第二十八話 騎士VS騎士(後半)
アイナを加えたベルネル達は、他のアイナ同様に利用されていただけの者達と共に学園長派を怒涛の勢いで蹴散らした。
勢いは完全にこちらに傾いており、加えて敵はいくら過去に活躍した元騎士といえど、もう歳だ。
その実力は全盛期の半分にも満たないだろう。
だがそれ以上に勝敗を分けたのは、学園長派はどこか……戦いに消極的な事であった。
きっと彼等も本当は自分の過ちにとうに気付いているのだ。
かつては世界を守る為に戦った男達だ。心の何処かで止めて欲しいと思っていたのかもしれない。

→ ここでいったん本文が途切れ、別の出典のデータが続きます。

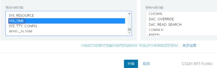 因为目前使用 rancher 进行 k8s 的管理,因此挂载的方式如下,可点击pod升级,在高级选项的最后,有增加内核的选项,选中SYS_TIME,然后点击升级即可。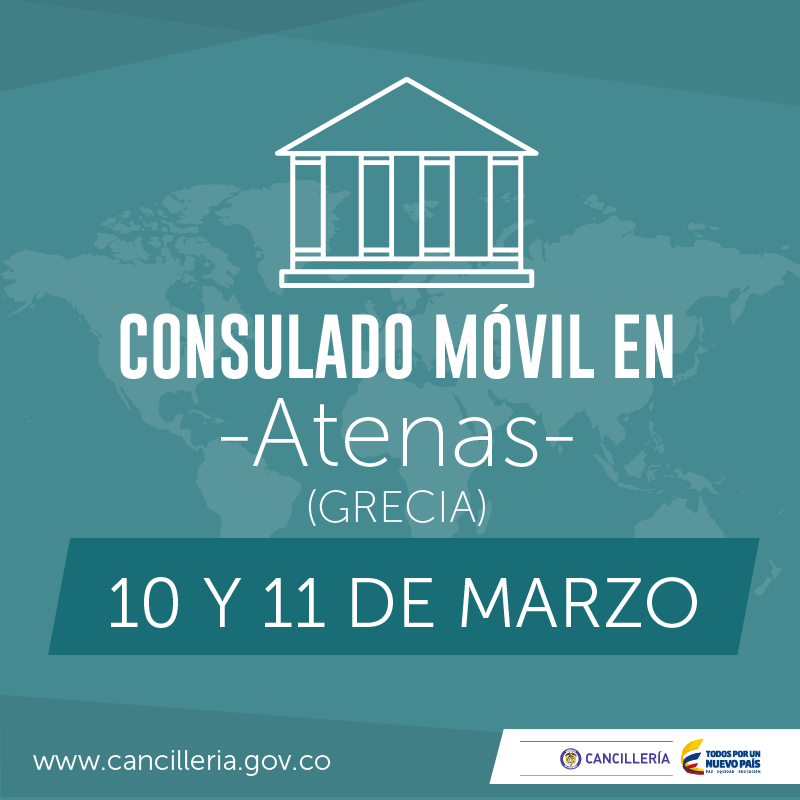 #ColombianosEnAtenas Consulado de Roma estará con su unidad móvil este 10 y 11 de marzo http://bit.ly/CAtenas pic.twitter.com/Gxgi51ykhj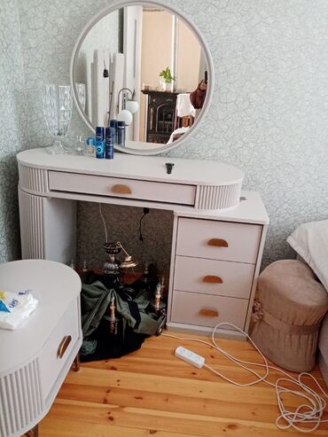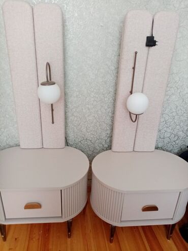 Yataq otağı mebel dəsti əla vəziyyətdədir, yeni kimidir. Güzgünün kənarlarında işıq yanır. Tumbalarin işığı barmaq iziyle yanır.

だから、まだ生徒に過ぎないはずのベルネル達でも勝つ事が出来たのだろう。
だが最後の一人だけは違う。
学園長……ディアスだけは、まるで衰えぬ実力でレイラと切り結んでいる。
「何故です! 何故、アレクシア様と共に魔女を打ち倒した貴方が!
どうして魔女に魂を売り渡してしまったのですか!」
「売ってなどいないさ、これが私だ。
私が守る者は昔も今も変わらない。私はずっと私の聖女を守っている」
「裏切り者が戯言を!」
ベルネルの今の実力では、剣の残像を追うのがやっとの戦い。
銀の閃光が唸り、剣が衝突する金属音が鳴り響き、円を描くように二人が何度も立ち位置を入れ替える。

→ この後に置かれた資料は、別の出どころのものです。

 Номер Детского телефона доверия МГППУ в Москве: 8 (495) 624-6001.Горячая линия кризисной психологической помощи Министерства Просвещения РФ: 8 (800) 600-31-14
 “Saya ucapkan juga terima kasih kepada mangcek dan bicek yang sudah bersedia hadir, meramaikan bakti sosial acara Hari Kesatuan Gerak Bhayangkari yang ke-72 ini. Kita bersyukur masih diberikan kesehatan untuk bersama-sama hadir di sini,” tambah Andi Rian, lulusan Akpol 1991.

僅か一秒の間に三度……いや、四度は衝突音が聞こえ、それがリズムを変えながら鳴り響く。
休む事なく、衰える事なく、響き続ける。
もう何合斬り合った? 何度剣をぶつけた?
少なくとも既に百は超えているだろう。
だというのに二人のスピードは衰えるどころか、ますます加速し続けている。
「レイラ殿! 援護します!」
ベルネル達以外の、利用されていた者達がレイラの援護をしようと走る。
だがこの戦いのどこに割り込める余地などあるというのか。
もしここで、あの戦いに割り込める者がいるとすれば、それはエルリーゼくらいのものだろう。
「ふん、雑魚共が……引っ込んでおれ!
貴様等など何人いようが物の数ではないわ!」
ディアスが剣を薙ぎ払い、雷が訓練室を舐めるように迸った。
近付いていた全員が纏めて吹き飛んで失神し、離れた位置にいたベルネル達も衝撃で尻もちをついてしまう。
そんな中にあってエルリーゼだけはしっかりと立ったまま己の騎士の戦いを見守っていた。

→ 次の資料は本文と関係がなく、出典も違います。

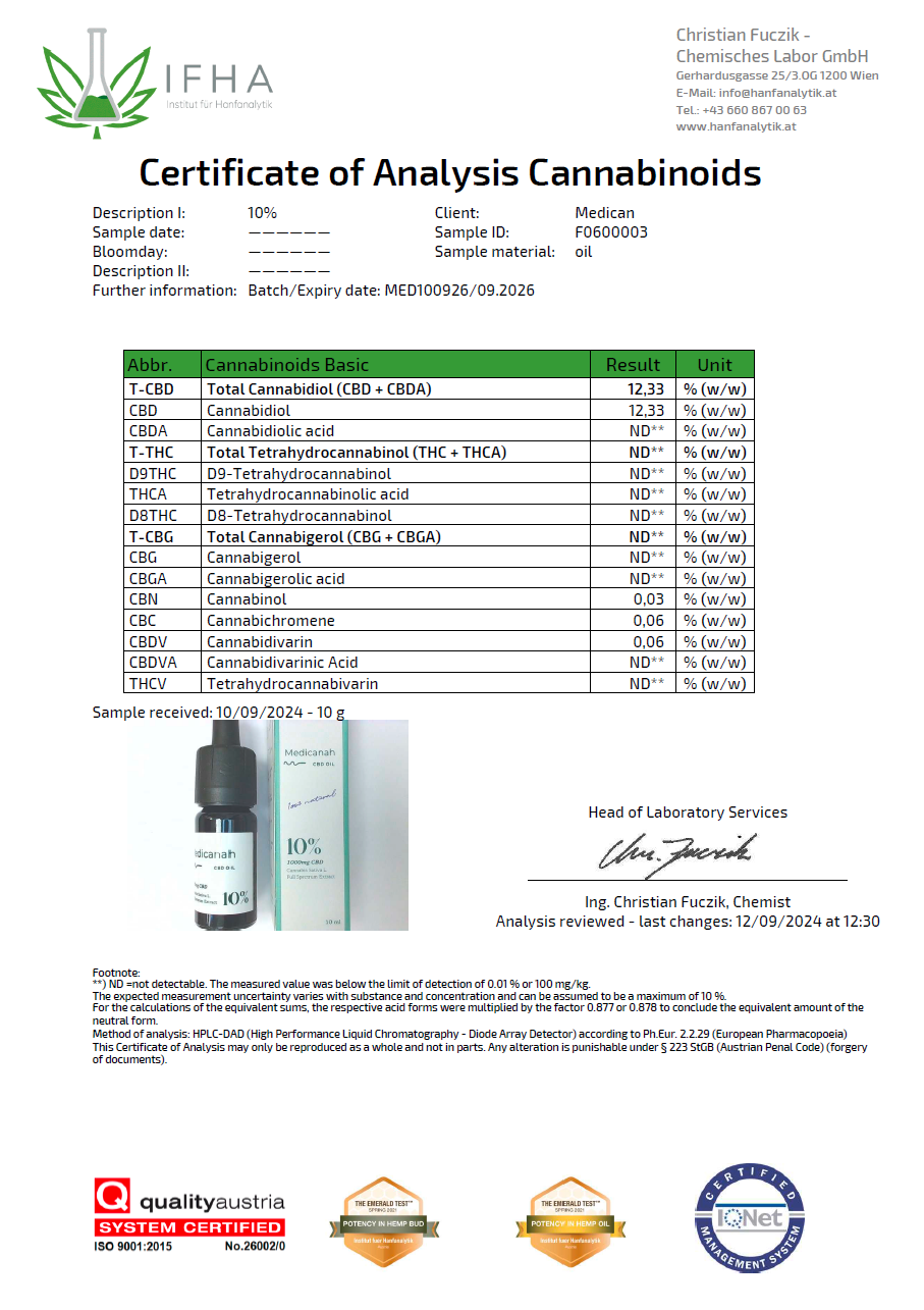 Uleiul CBD Full Spectrum Medicanah 10% este extras din canepa industriala certificata, produs in SUA printr-un proces patentat care elimina complet THC-ul. Contine 1000mg CBD in sticla de 10ml (aprox. 350 picaturi, 1 picatura = 3mg CBD), cu pipeta gradata la 0.25ml si sistem de siguranta pentru copii. Sticla biofotonică de grad farmaceutic protejeaza compusii activi de lumina, asigurand puritate maxima - testat in laborator, fara pesticide, metale grele sau impuritati.

ディアスの薙ぎを跳躍する事で避けたレイラが剣を両手持ちに切り替えて、力任せに振り下ろした。
訓練室の床に剣が刺さり、回避していたディアスがもう一度横薙ぎを放つ。
だがレイラはあろう事か床ごと斬り裂いて、ディアスの剣と自身の剣を衝突させた。
一際大きな金属音が鼓膜を震わせ、レイラとディアスも僅かによろける。
しかし強靭な足腰で床をしっかりと踏みしめ、正面から剣をぶつけて鍔迫り合いの姿勢に入った。
「裏切りだと? 笑わせる。
私達が世界を裏切ったのではない。世界が私達を裏切ったのだ。
君もいずれ知るだろう。そして世界に絶望する」
「何をわけの分からぬ事を!」
「分からぬならばそれでいい。私はただ、アレクシア様をお守りするだけだ」
互いの剣を挟んでレイラとディアスの目が交差する。
ディアスはレイラの瞳に烈火の如き激しさを。
レイラはディアスの瞳に大木の如き静けさを、それぞれ見た。
鍔迫り合いを止めて一度剣を離し、ディアスとレイラが同時に己の獲物に掌を向ける。
ディアスの剣には雷が宿り、レイラの剣には業火が宿る。
雷の剣と炎の剣がぶつかり合い、雷光と熱気が迸った。
レイラの横薙ぎの剣をディアスが身を屈めて避ける。すると訓練室の壁に焼け焦げたような傷が刻まれた。
ディアスの振り上げの剣をレイラは横に避ける。
雷が天井を打ち、白かった天井の一部が黒く染まった。
衝突の度に雷光と火炎が撒き散らされ、訓練所の温度が上がり続ける。
だが二人は退かない。相手の動きを学習して誤差を修正し、より鋭くより正確な攻撃を放ち続ける。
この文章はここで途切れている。